In the data below, set down exactly the lines from the one containing "The Taylor Boot" up to and including the one containing "For most children". Leave the pictures out.

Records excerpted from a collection
==*==

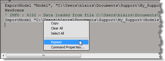 Tip: Repeating logged commands in the script history Posted on November 5, 2011 by xsisupport Reply Here’s a quick way to repeat the scripting commands logged for something you just did in Softimage: In the script history log, highlight the lines you want to repeat. Right-click and click Repeat.
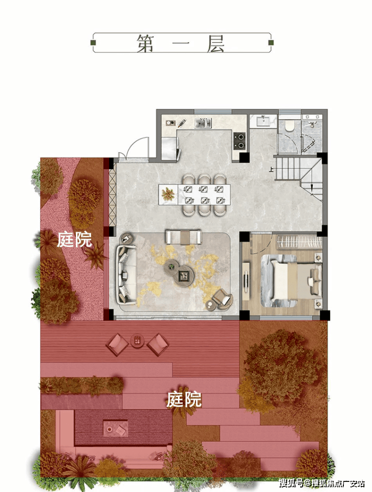 约7.9米南向开间,外接私家花园,有天有地,独门独院,这里既是一家人互动交流的温馨空间,也是宴请宾客、家庭聚会的自在场域。这种安全性和私密感,是其他业态产品所达不到的。
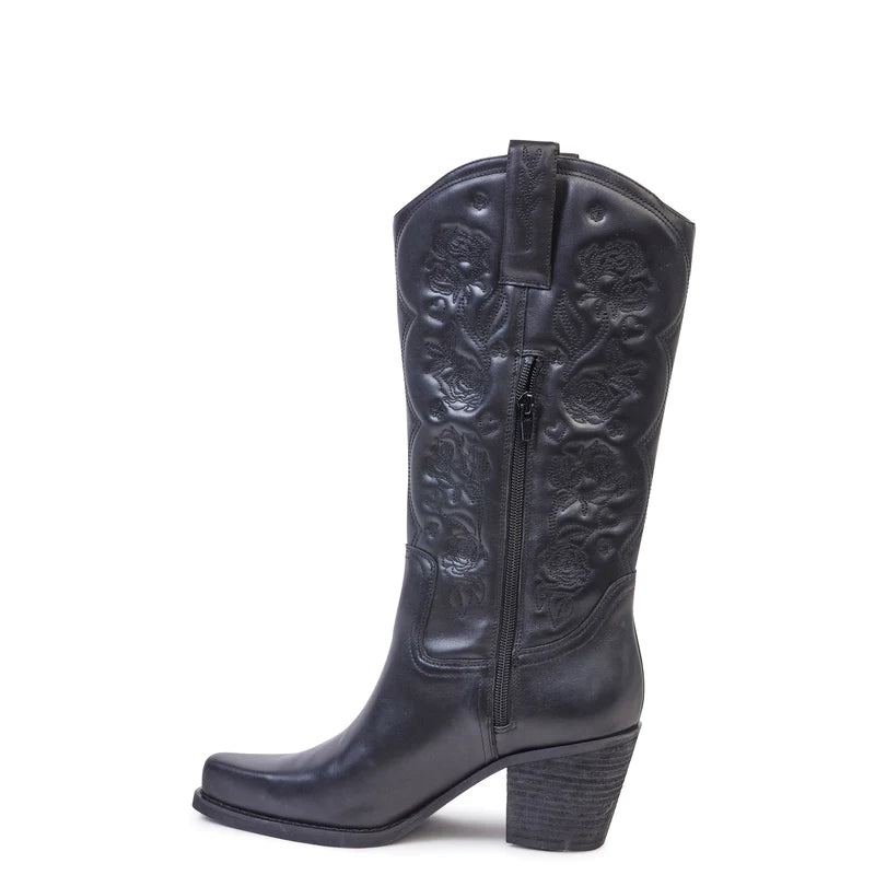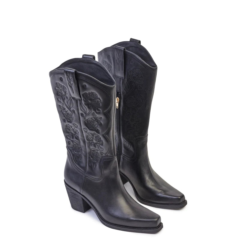 The Taylor Boot nods to the coveted Western trend with its Cuban heel, sculpted, angular toe shape and custom-designed rose embroidered upper. Taylor is sure to make a statement in this Winter’s everyday wardrobe.
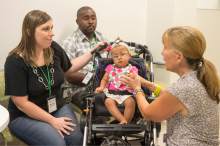 For most children at the event, their conditions prevent them from talking, but many communicate in other ways. All need help walking and older patients use wheelchairs.
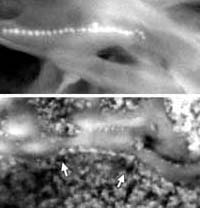 An international team of researchers has discovered compelling evidence that the magnetite crystals in the martian meteorite ALH84001 are of biological origin. The researchers found that the magnetite crystals embedded in the meteorite are arranged in long chains, which they say could have been formed only by once-living organisms. Their results are reported in the Feb. 27 Proceedings of the National Academy of Sciences. "The chains we discovered are of biological origin," said Dr. Imre Friedmann, an NRC senior research fellow at NASA's Ames Research Center in California's Silicon Valley and leader of the research team. "Such a chain of magnets outside an organism would immediately collapse into a clump due to magnetic forces," he said. The chains were formed inside organic material whose structure held the crystals together. "The end result looks somewhat like a string of pearls," Friedmann noted. Each magnetite crystal in the chain is a tiny magnet, approximately one-millionth of an inch in diameter. Magnetite is an iron oxide, similar to iron rust. The chains may have served as 'compasses' for the host magnetotactic bacteria, so named because they navigate with the help of the magnetic crystal chains inside their bodies. The chains were preserved in the meteorite long after the bacteria themselves decayed. The researchers say the magnetite chains probably were flushed into microscopic cracks inside the martian rock after it was shattered by an asteroid impact approximately 3.9 billion years ago. This cataclysmic event on Mars' surface also may have killed the bacteria. The same, or a later, asteroid impact ejected the rock, now a meteorite, into space. Another NASA research group, led by Kathie Thomas-Keprta of NASA's Johnson Space Center, report in the same issue of PNAS that the magnetite crystals inside the meteorite are similar to those formed by 'modern' magnetotactic bacteria now living on Earth. The team studied only single crystals, however, not the elusive chain-like structures. Friedmann's team discovered the crystal chains using a technique that enabled them to 'see' the tiny chains inside the meteorite without destroying them. Besides the chain-like formation, the team discovered that individual crystals are of similar size and shape, do not touch each other and that the chains themselves are flexible, further evidence of biological origin. "Until now, studying life has been like trying to draw a curve using only one data point -- life on Earth," said Friedmann. "Now we have two data points to draw life's curve." The next step is to find the remains of the bacteria themselves, he said. The fact that a small (about 4-pound) meteorite from a planet contains large numbers of bacteria suggests that such bacteria were widespread on the surface of Mars, the researchers say. A stone of similar size from Earth would contain many bacteria. In addition, since magnetotactic bacteria require low levels of oxygen, this finding indicates that photosynthetic organisms, the source of oxygen in the atmosphere, must have been present and active on Mars 3.9 billion years ago. "Finding evidence of life on Mars is one of the central problems in astrobiology research today," said Dr. Michael Meyer, head of NASA's astrobiology program, which funded the research. In addition to his fellowship at NASA Ames, Friedmann, who is best known for discovering microorganisms living inside desert rocks, is professor emeritus of biological science at Florida State University. Members of the research team include Dr. Jacek Wierzchos (University of Lleida, Spain), Dr. Carmen Ascaso (CSIC, Madrid, Spain), and Dr. Michael Winkelhofer (University of Munich, Germany). The meteorite ALH84001 was found in the Allen Hills region of Antarctica in 1984 by researchers supported by the National Science Foundation's Antarctic Search for Meteorites Program, a joint effort by the NSF, the Smithsonian Institution and NASA. Case Western Reserve University in Cleveland manages the program. Related Links Ames Research Center SpaceWar Search SpaceWar Subscribe To SpaceWar Express
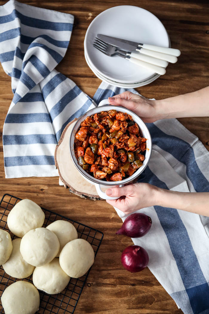 Wlewamy bulion lub wodę i dusimy całość pod przykryciem, aż mięso będzie miękkie – około 90 minut. Dodajemy koncentrat, pokrojone w kostkę ogórki. Opcjonalnie dodajemy odrobinę mąki wymieszanej z wodą, aby zagęścić sos.
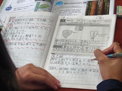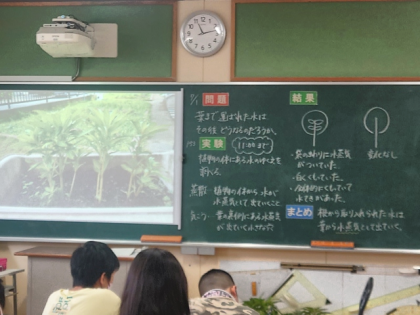 理科の時間は、根から取り入れられ、葉まで運ばれた水が、その後どうなるのか実験で調べました。
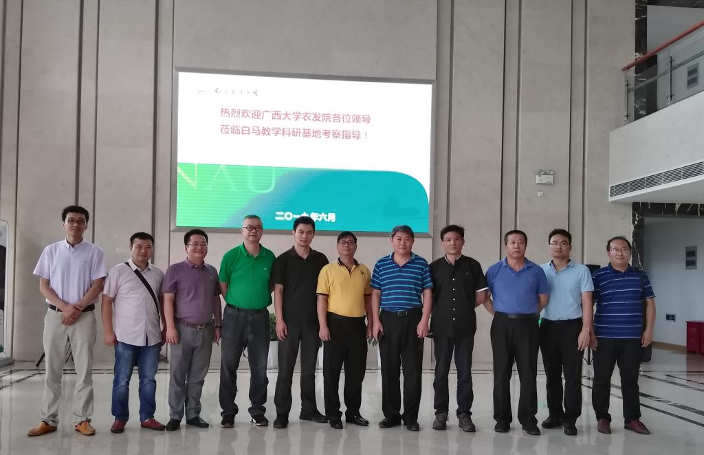 6月30日上午,广西大学农发院兼农科基地办张国宏书记、何山红副院长、汤昭主任和广西汇创牧业有限公司邱进宝总经理、陈伟江总经理助理一行5人应3044am永利集团邀请访问我校,3044am永利集团徐彬副院长、邵涛教授、杨志民教授、刘信宝老师和学校白马办陈礼柱主任、董淑凯科长参加了调研会议,并共同参观了白马教学科研基地。
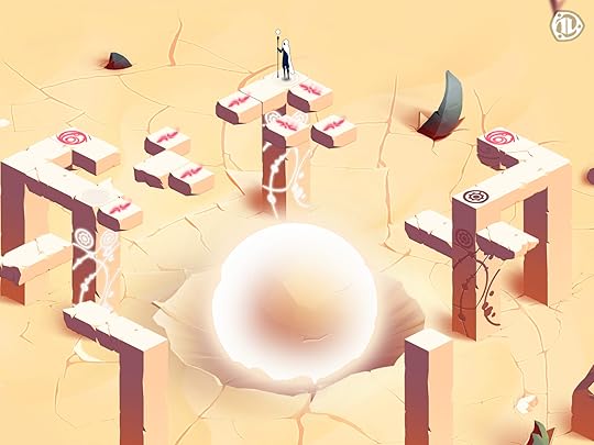 Its worlds vary from desolate sand gardens occupied by energy-filled obelisks to volcanic grey islands surrounded by a sea of patterned turquoise, each putting to use Escher-inspired perspective tricks in their own way.
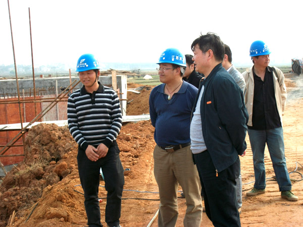 董事長、總經(jīng)理王元旦察看施工現(xiàn)場
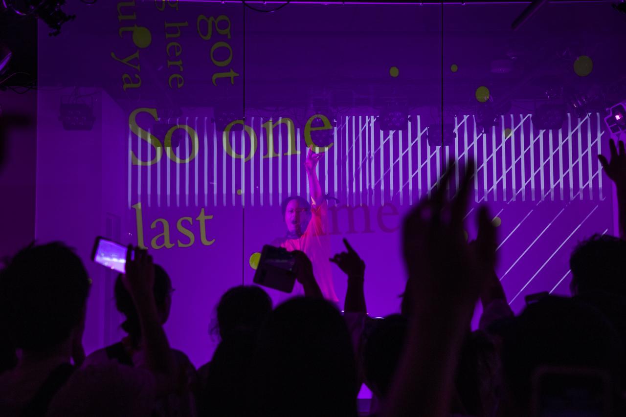 アリアナのファーストアルバムから最新アルバムまでがDJパフォーマンスで楽しめた今回のリリースパーティーのユニークなところは、DJブースの前に設置されたスクリーンと両脇の壁に歌詞が流れるところ。このスクリーンに投影される歌詞とシンクロしながら、DJのTJOとカワムラユキが“ストーリーテリングDJ”となってアリアナの言葉をMIXしてストーリーを紡いだ。
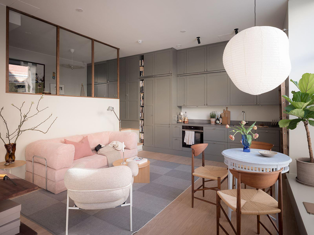 Сегодня у нас ещё один пример симпатичного скандинавского жилья на первом этаже, где раньше располагались коммерческие помещения. Недостатки жизни на первом этаже здесь с лихвой нивелируются интересным открытым пространством с высокими потолками и большими окнами, современной планировкой и стильный декором из пастельных оттенков. Спальное место здесь виртуозно отделено от общего интерьера с помощью полустеклянной перегородки. Отличный дизайн маленького пространства!
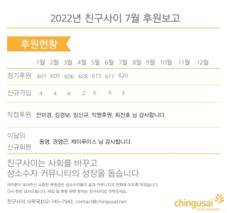 2022년 친구사이 7월 후원보고 2022년 7월 정기후원: 620명 2022년 7월 신규가입: 3명 직접후원: 안미경, 김경보, 임신규, 익명후원, 최진호 님 감사합니...

==*==

ANSWER FOR THE TASK
 The Taylor Boot nods to the coveted Western trend with its Cuban heel, sculpted, angular toe shape and custom-designed rose embroidered upper. Taylor is sure to make a statement in this Winter’s everyday wardrobe.
 For most children at the event, their conditions prevent them from talking, but many communicate in other ways. All need help walking and older patients use wheelchairs.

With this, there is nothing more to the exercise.